> **WORK INSTRUCTIONS**:
Reproduce all the records word for word. Omit images.

─── EXTRACTED ENTRIES

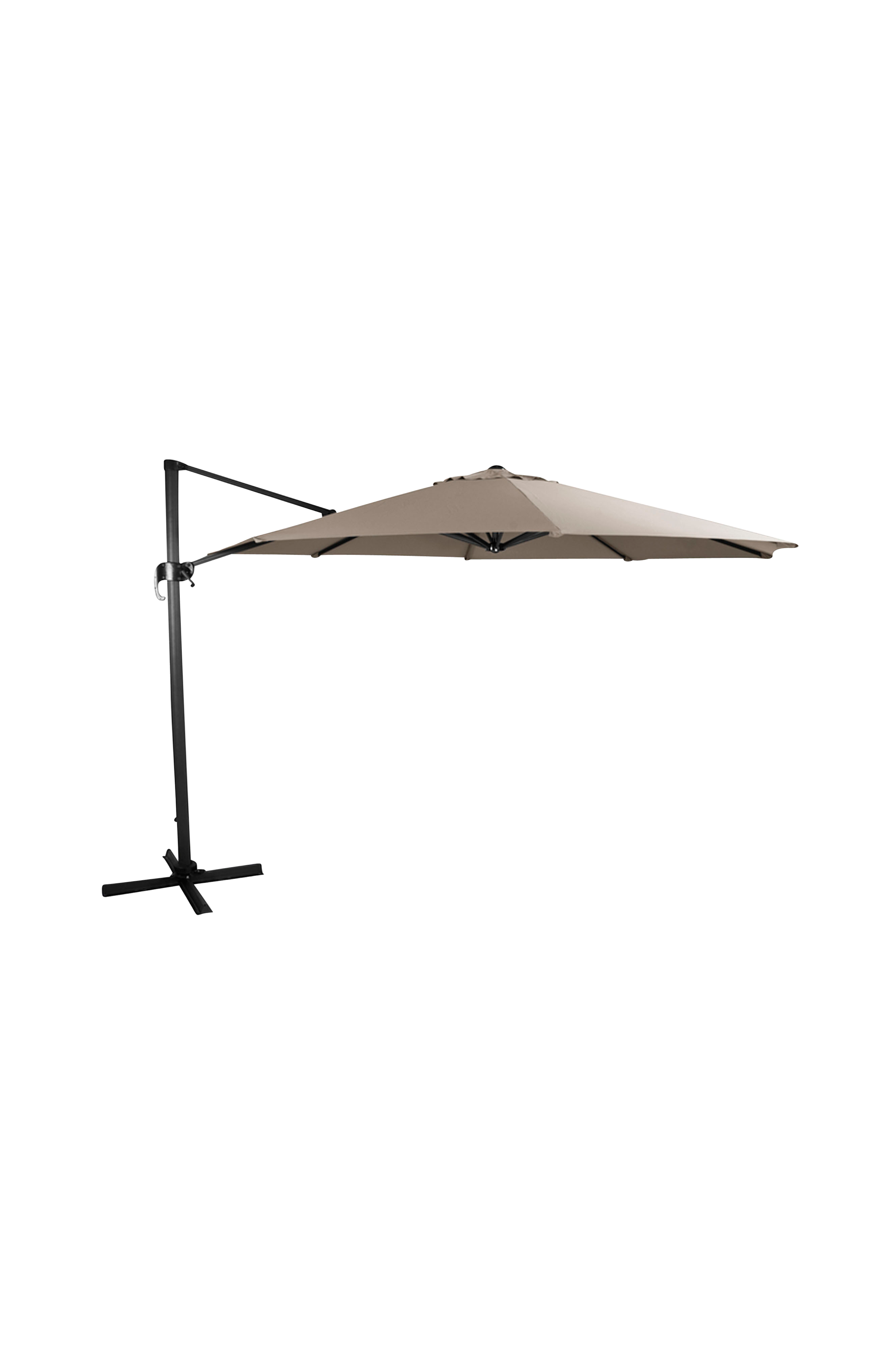 Hengeparasoll i aluminium/beige polyester. Låsbar samt roterbar rundt egen aksel. Kan stilles i ulike vinkler. Del av parasollfot medfølger, kompletter med betongplate.
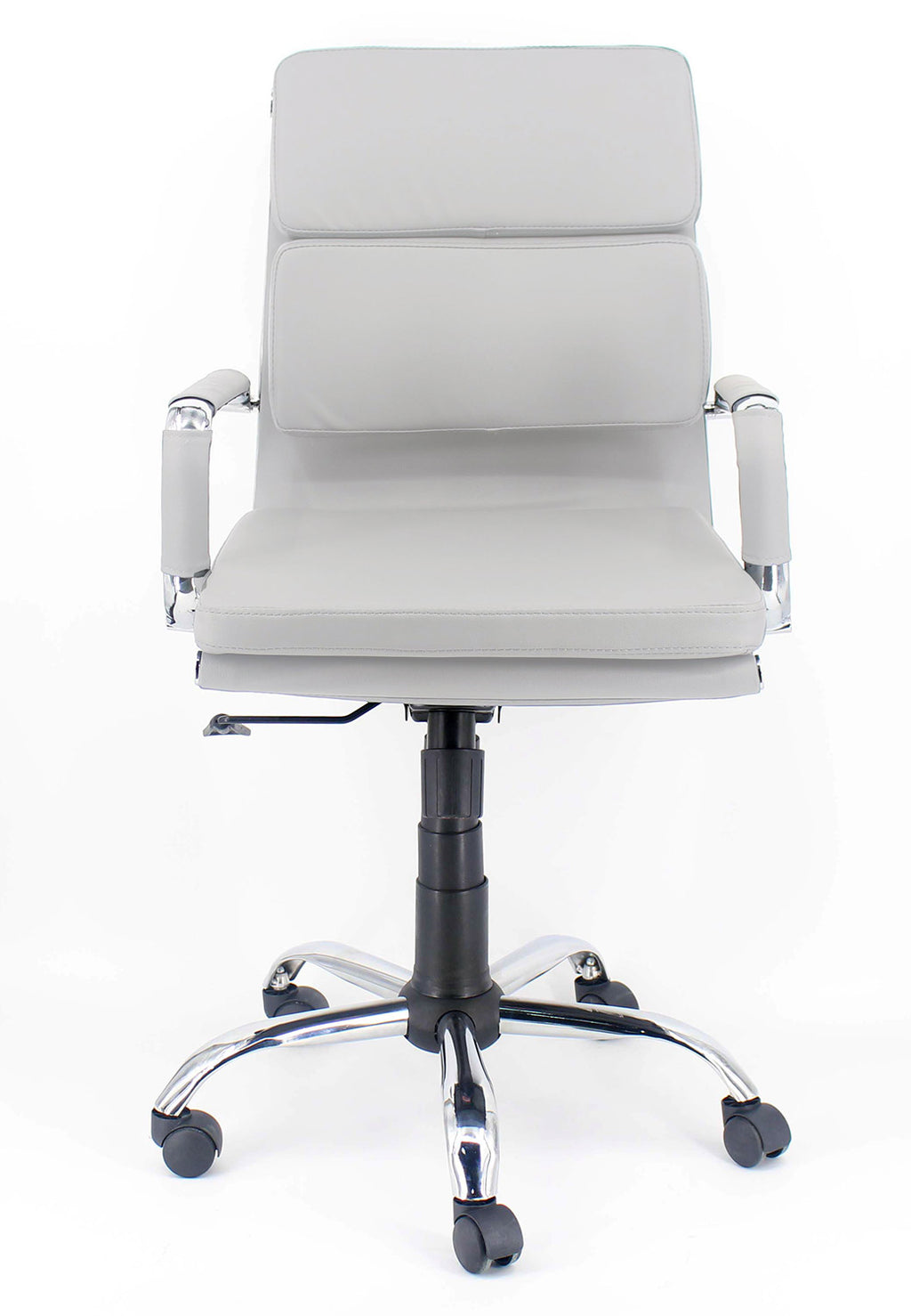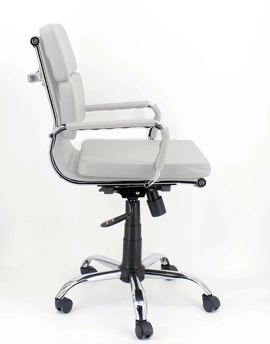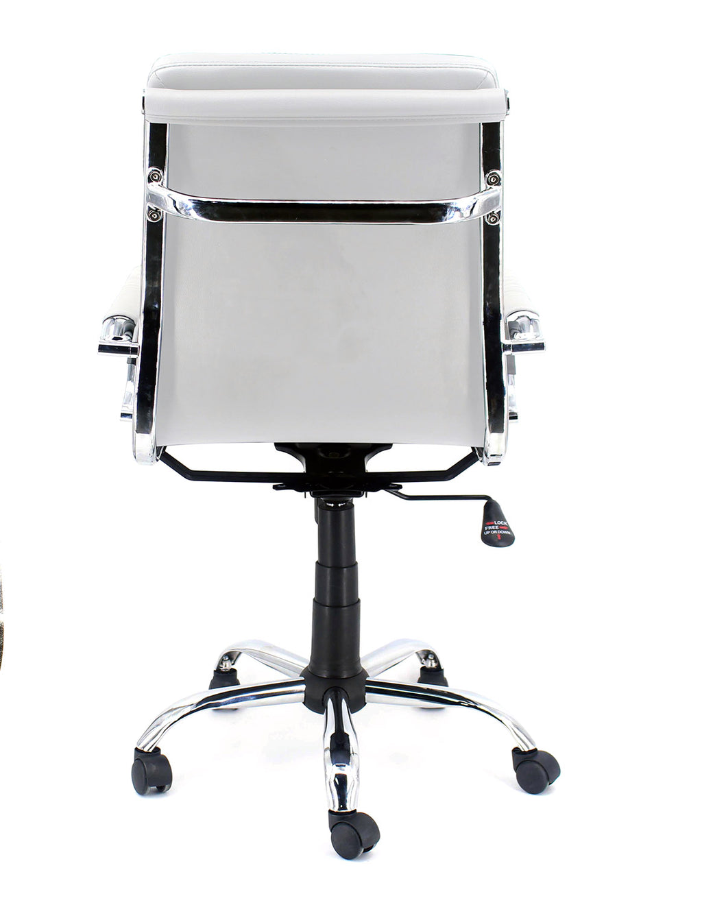Drehbarer Bürosessel, ausgestattet mit Gasfedermechanismus und Kippmechanismus. Das Bewegen des Hebels nach oben wirkt sich auf die Höhe des Sitzes aus. Wenn Sie den Hebel nach außen bewegen, wechselt der Sitz in den Neigungsmodus und kehrt in die feste Position zurück, indem Sie den Hebel nach innen in die Verriegelungsposition zurückführen. Verchromte Metallstruktur mit Fünfsternfuß, ausgestattet mit ABS-Rädern. Der Sitz ist mit Polyurethan gepolstert und mit schwarzem Kunstleder bezogen. Die Rückenlehne besteht aus drei Modulen, die mit Polyurethan gepolstert und mit weißem Kunstleder bezogen sind. Armlehnenbezüge aus weißem Kunstleder.
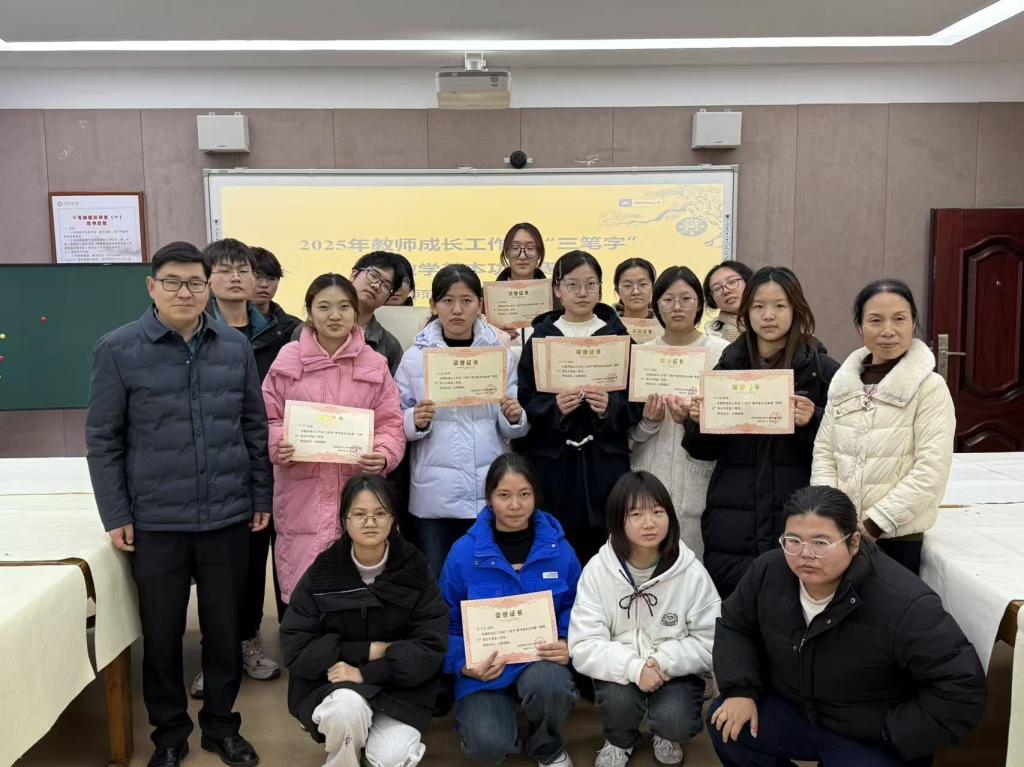 在随后举行的颁奖仪式上,获奖学子依次登台,从老师手中接过荣誉证书并与老师们合影留念,记录下专业技能成长的宝贵瞬间。公司师范生工作坊举办“三笔字”(粉笔、钢笔、毛笔)竞赛对于锤炼师范生的教学基本功,强化师范生职业素养,传承中华优秀传统文化以及增强师范生的职业使命感都具有十分重要的意义,并为他们的未来教员工涯奠定坚实基础。
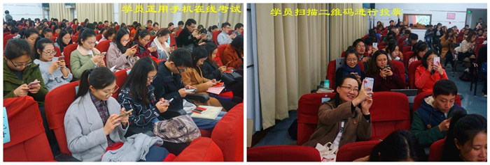 学习班从11月11日到29日结束,参加对象为全体学生党支部书记,覆盖16个学院。为提升教学管理的科学化水平,党校采取电子签到,学员凭校园卡刷卡入场,考勤状况一目了然,无形中强化学员的纪律意识。针对当前大学生大多数是互联网的“土著”,习惯于互联网交流,党校依托微信组建了组长群、各小组学员群,加强党校与学员的直接联系,包括日常通知、征集学习班照片、招募志愿者等等,让学员广泛参与学习班的各项事务。大力探索互联网+模式,例如在“主题党日活动设计方案”比赛中,所有出席人员均可微信投票;在考试环节,依托问卷星,学员可手机在线考试,做到现场考试、系统阅卷、即时公布成绩。在筹备结业工作中,向微信学员群发布“高手招募令”,邀请学员自发报名参与学习班回顾视频制作。当回顾视频短片激昂的音乐响起,当一张张青春的脸庞出现在屏幕,当一幕幕学习场景精彩回放,掌声四起,现场沸腾。学员激动地说:老师,这是我参加过的最好的学生党支部书记培训!
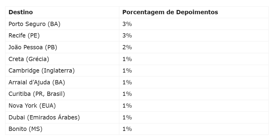 Contudo, entre os destinos internacionais, as buscas se concentram em locais como Creta, na Grécia; Cambridge, na Inglaterra; e Nova York, nos EUA.
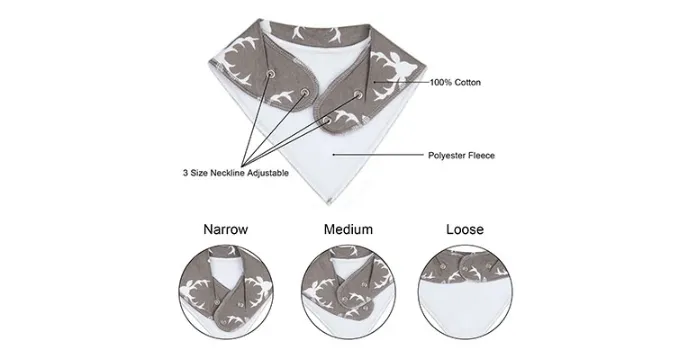 These Bibs come in a three-size adjustable bandana bib, which is fit for 3 to 24-month babies and comes with two sets of fastening adjustable nickel-free snaps, which is also appropriate for sensitive baby skins. You can easily adjust the bib according to the size of your baby's neckline and the baby's growth. You can find these bibs in the best gifts for newborn babies.
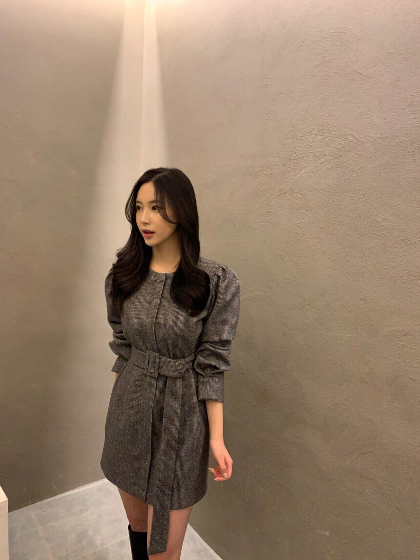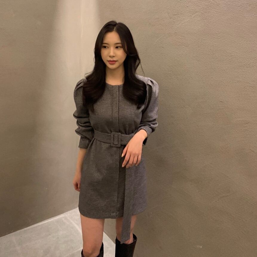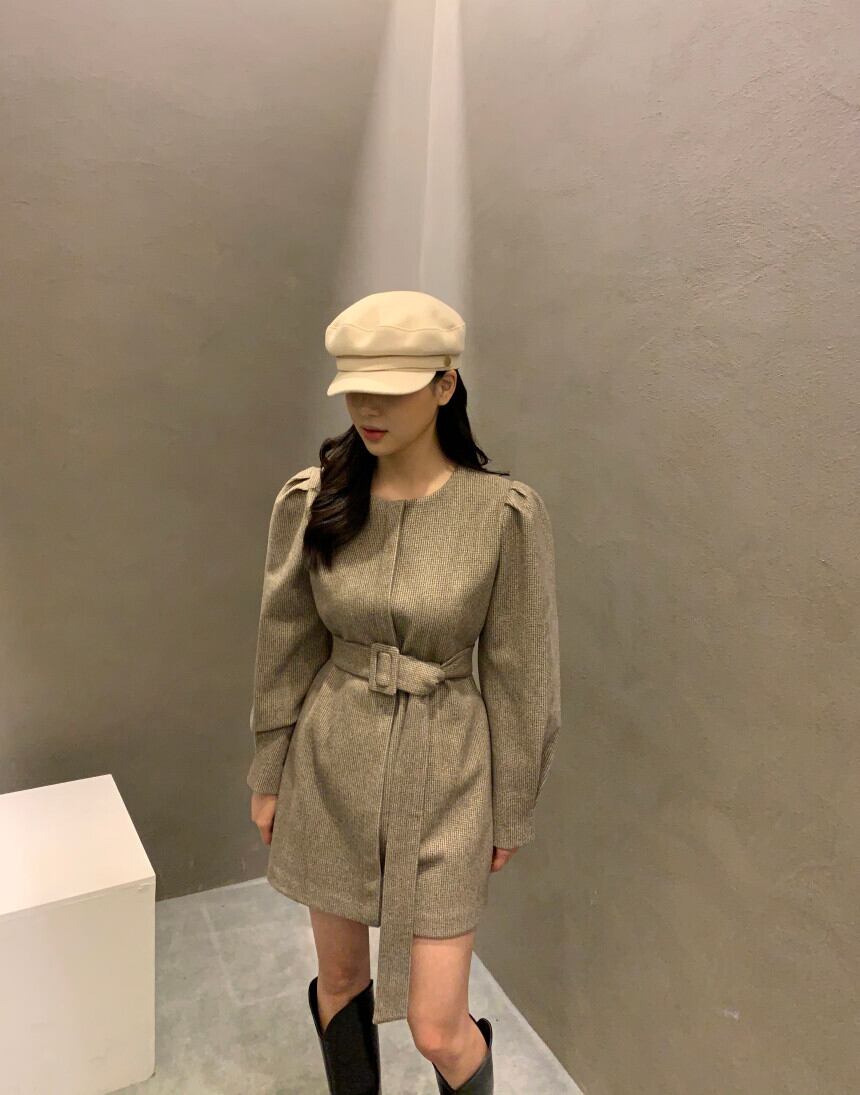 スプリングオータムラウンドネックスタイルスリーブレース薄手ウェストショートドレス 春物 秋物 Oネック レースアップ 韓国婦人40541660796
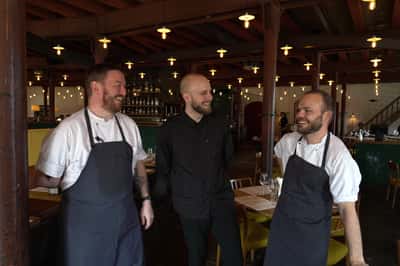 The restaurants is spacious and can host almost 200 people at the same time. It still holds the original look and feel - with respect for it's history. For instance the old elevator still stands - and is now used as a wine cooler. The interior is characterized by furniture that has origins in Danish design
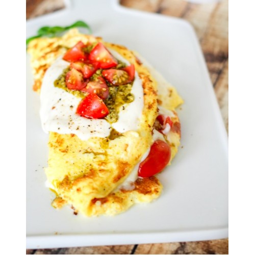 Eggs, cherry tomatoes, mozzarella and fresh basil. Keto friendly and gluten free.

──────

> **EXERCISE ANSWER**:
 Hengeparasoll i aluminium/beige polyester. Låsbar samt roterbar rundt egen aksel. Kan stilles i ulike vinkler. Del av parasollfot medfølger, kompletter med betongplate.
Drehbarer Bürosessel, ausgestattet mit Gasfedermechanismus und Kippmechanismus. Das Bewegen des Hebels nach oben wirkt sich auf die Höhe des Sitzes aus. Wenn Sie den Hebel nach außen bewegen, wechselt der Sitz in den Neigungsmodus und kehrt in die feste Position zurück, indem Sie den Hebel nach innen in die Verriegelungsposition zurückführen. Verchromte Metallstruktur mit Fünfsternfuß, ausgestattet mit ABS-Rädern. Der Sitz ist mit Polyurethan gepolstert und mit schwarzem Kunstleder bezogen. Die Rückenlehne besteht aus drei Modulen, die mit Polyurethan gepolstert und mit weißem Kunstleder bezogen sind. Armlehnenbezüge aus weißem Kunstleder.
 在随后举行的颁奖仪式上,获奖学子依次登台,从老师手中接过荣誉证书并与老师们合影留念,记录下专业技能成长的宝贵瞬间。公司师范生工作坊举办“三笔字”(粉笔、钢笔、毛笔)竞赛对于锤炼师范生的教学基本功,强化师范生职业素养,传承中华优秀传统文化以及增强师范生的职业使命感都具有十分重要的意义,并为他们的未来教员工涯奠定坚实基础。
 学习班从11月11日到29日结束,参加对象为全体学生党支部书记,覆盖16个学院。为提升教学管理的科学化水平,党校采取电子签到,学员凭校园卡刷卡入场,考勤状况一目了然,无形中强化学员的纪律意识。针对当前大学生大多数是互联网的“土著”,习惯于互联网交流,党校依托微信组建了组长群、各小组学员群,加强党校与学员的直接联系,包括日常通知、征集学习班照片、招募志愿者等等,让学员广泛参与学习班的各项事务。大力探索互联网+模式,例如在“主题党日活动设计方案”比赛中,所有出席人员均可微信投票;在考试环节,依托问卷星,学员可手机在线考试,做到现场考试、系统阅卷、即时公布成绩。在筹备结业工作中,向微信学员群发布“高手招募令”,邀请学员自发报名参与学习班回顾视频制作。当回顾视频短片激昂的音乐响起,当一张张青春的脸庞出现在屏幕,当一幕幕学习场景精彩回放,掌声四起,现场沸腾。学员激动地说:老师,这是我参加过的最好的学生党支部书记培训!
 Contudo, entre os destinos internacionais, as buscas se concentram em locais como Creta, na Grécia; Cambridge, na Inglaterra; e Nova York, nos EUA.
 These Bibs come in a three-size adjustable bandana bib, which is fit for 3 to 24-month babies and comes with two sets of fastening adjustable nickel-free snaps, which is also appropriate for sensitive baby skins. You can easily adjust the bib according to the size of your baby's neckline and the baby's growth. You can find these bibs in the best gifts for newborn babies.
 スプリングオータムラウンドネックスタイルスリーブレース薄手ウェストショートドレス 春物 秋物 Oネック レースアップ 韓国婦人40541660796
 The restaurants is spacious and can host almost 200 people at the same time. It still holds the original look and feel - with respect for it's history. For instance the old elevator still stands - and is now used as a wine cooler. The interior is characterized by furniture that has origins in Danish design
 Eggs, cherry tomatoes, mozzarella and fresh basil. Keto friendly and gluten free.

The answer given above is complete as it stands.